Fig. 4. MGS4_V8 effectively delivers active saporin to cancer cells.

a H1299 cells were incubated biotinylated MGS4_V8 conjugated to streptavidin-saporin for 1 h, then washed, fixed and counterstained with an anti-saporin antibody (red), WGA-AF488 (green) and DAPI (blue). MGS4_V8 successfully delivers saporin into cancer cells while the control peptide, MGS4_V6 cannot. b MGS4_V8 and MGS4_V9 saporin-conjugates were serially diluted and incubated with H1299 and H2009 cells for 6 h after which, the MGS4-saporin conjugates were removed and complete growth media returned to the wells. At 72 h, viability was measured. IC50 values are provided in the inset. Individual measurements are shown. The mean is shown as an “X”. Error bars, in black, represent standard error measurements. Non-linear regression analysis is included in the supplementary material. c Colocalization time course as before, comparing MGS4_V8-streptavidin-Qdot trafficking to MGS4_V8-saporin trafficking. Pixels are plotted based on intensity in the red channel (x-axis) and the green channel (y-axis). Box 1 represents the population of saporin or Qdots not colocalized with the lysosome. Conversely, box 2 represents lysosomal staining not associated with Qdots or saporin signal. Box 3 contains colocalized pixels, which are falsely colored yellow and represent saporin or Qdots colocalized within the lysosomal compartment. A subpopulation of saporin containing vesicles remain distinct from lysosomes (box 1). The scale bar in all images represents 10 µm.

Fig. 5. MGS4_V8 homes to xenograft tumor after systemic delivery and can deliver saporin resulting in reduced tumor growth.

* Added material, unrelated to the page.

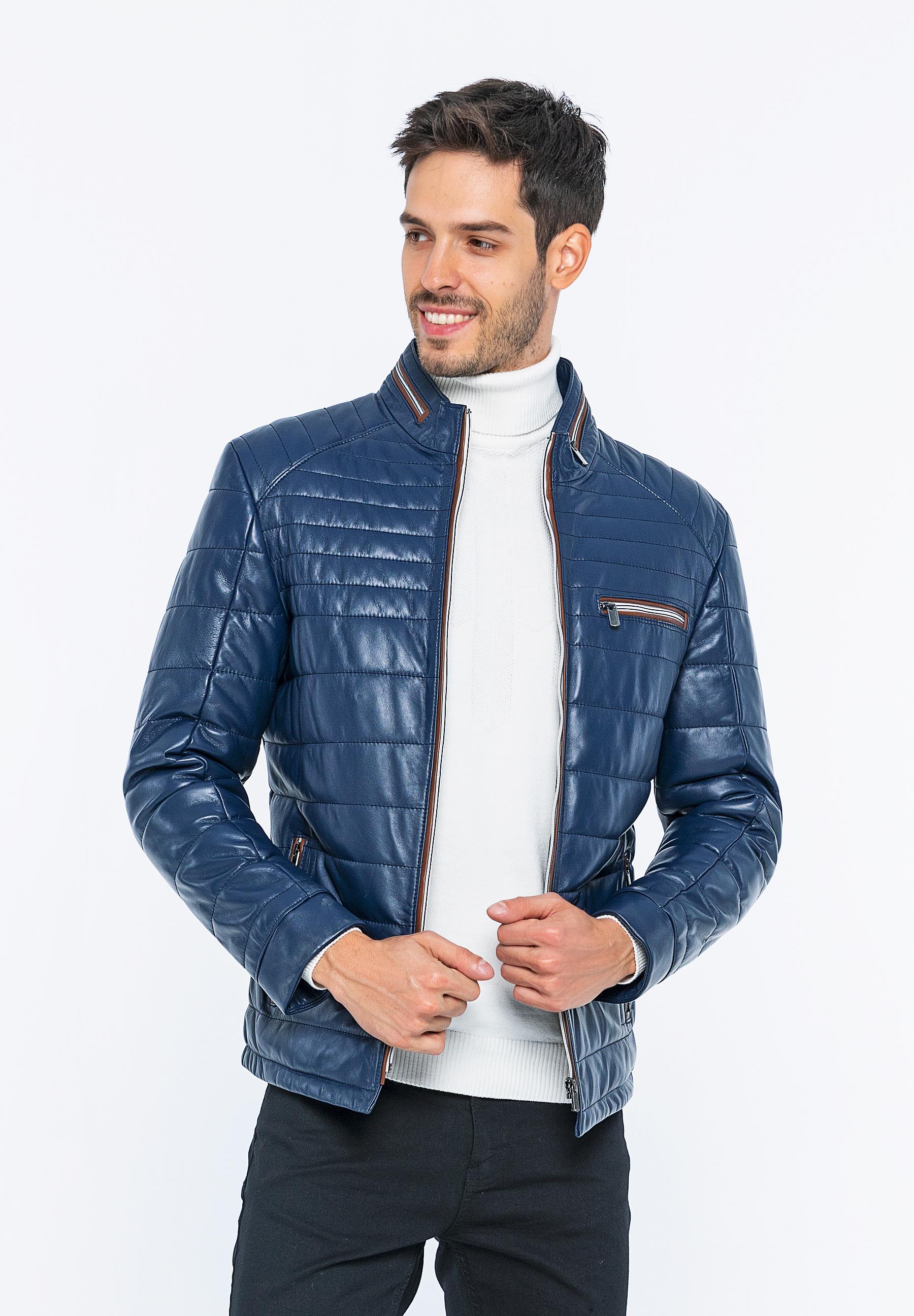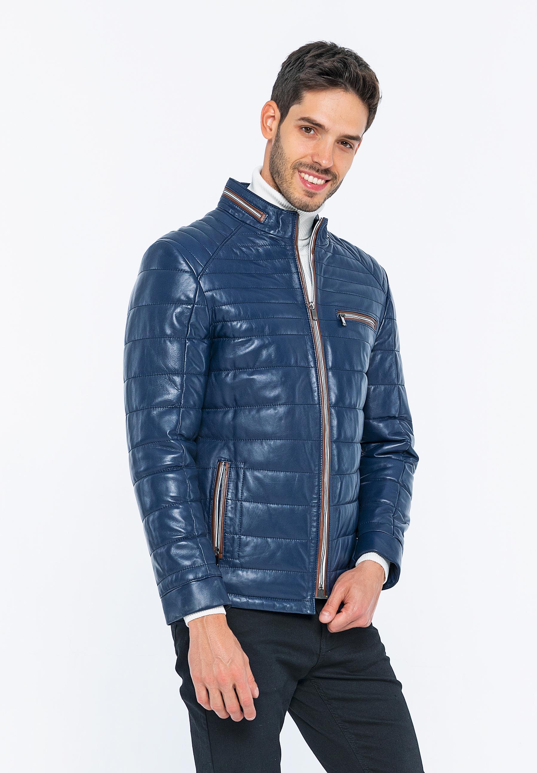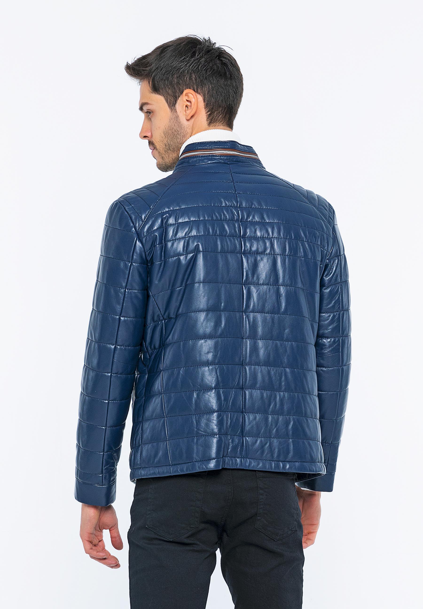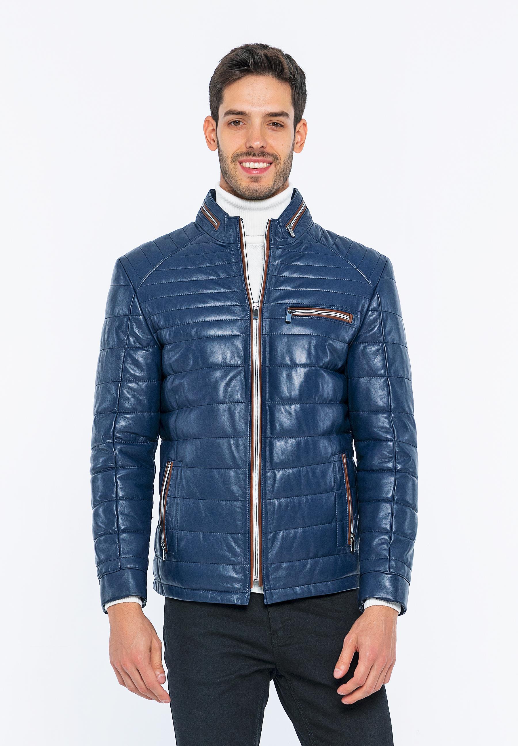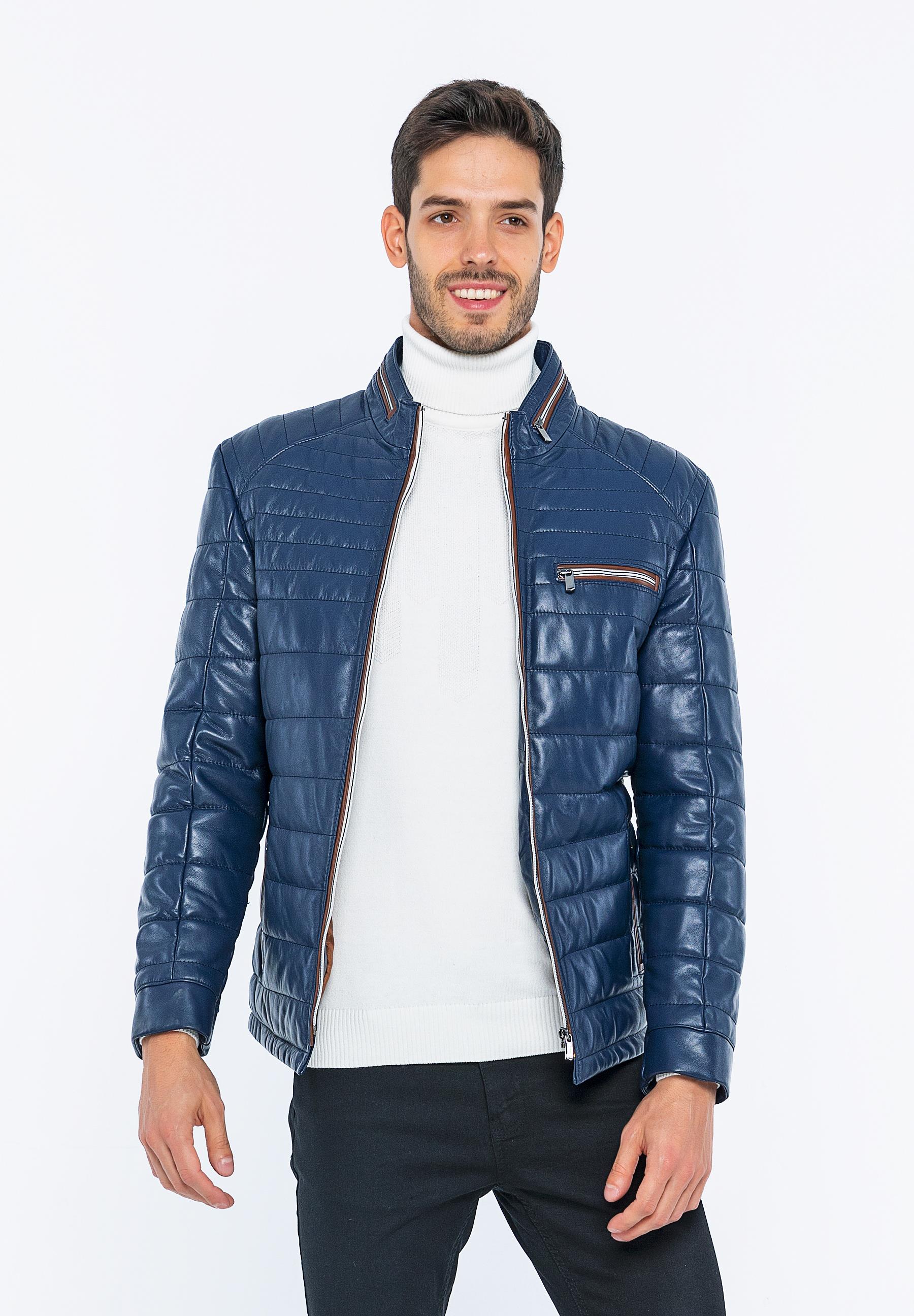 Basics&More Erkek Şişme Lacivert Deri Ceket - 6099

a H2009 tumor bearing nude mice (N = 4) were injected I.V. with MGS4_V8 or MGS4_V6 conjugated to NIR dye Alexa Fluor 750. At 12, 24, 48, and 72 h postinjection, mice were anesthetized and imaged on an IVIS® (Perkin Elmer) to measure total radiant efficiency in each tumor. MGS4_V8 accumulates in tumor 25–39 fold better than control peptide, MGS4_V6. MGS4_V6 accumulation is statistically no different than untreated tumors. Ex vivo NIR imaging of the tumors at the end of the experiment mirrors the data observed in the living animals. Whiskers represent min-to-max values, 25^th to 75^th percentile are represented by the box, the line shows the median, the + symbol represents the mean, and individual data is shown as a dot. Data for individual animals is included in Supplementary Table 8. b Excised tumors from the previous experiment were fixed in PBS + 4% formaldehyde and then imaged again together on a LI-COR^® Odyssey. Arbitrary fluorescence units (AFU) were determined for each tumor and the average and SEM are shown below the image. The mean fluorescent intensity is 240-fold greater for MGS4_V8-Alexa Fluor 750 conjugate than the MGS4_V6 control conjugate. c Saporin was conjugated to either targeting MGS4_V8 or nontargeting MGS4_V6 and 7.5 µg of the conjugate was injected I.V. into mice bearing subcutaneous tumors. Animals were dosed 2 times per week for 2.5 weeks (indicated by arrows). Tumors were measured every other day. MGS4_V8-saporin clearly slows tumor growth, while nontargeted saporin has no effect compared to untreated animals. Error bars represent SEM, *p-value < 0.05, **p-value < 0.01, ***p-value < 0.001, ****p-value < 0.0001 (two-way ANOVA). d Tumor size (mm3) are shown for individual animals at days 0, 6, 12, and 18. Mean value is represented by the horizontal line and the error bars represent standard error. There is no statistical difference between MGS4_V6-Saporin and untreated at any day. At days 12 and 18 MGS4_V8-Saporin is statistically different than untreated (p-values 0.0099 and 0.0029, respectively) and MGS4_V6-Saporin (p-values 0.0069 and 0.0009, respectively).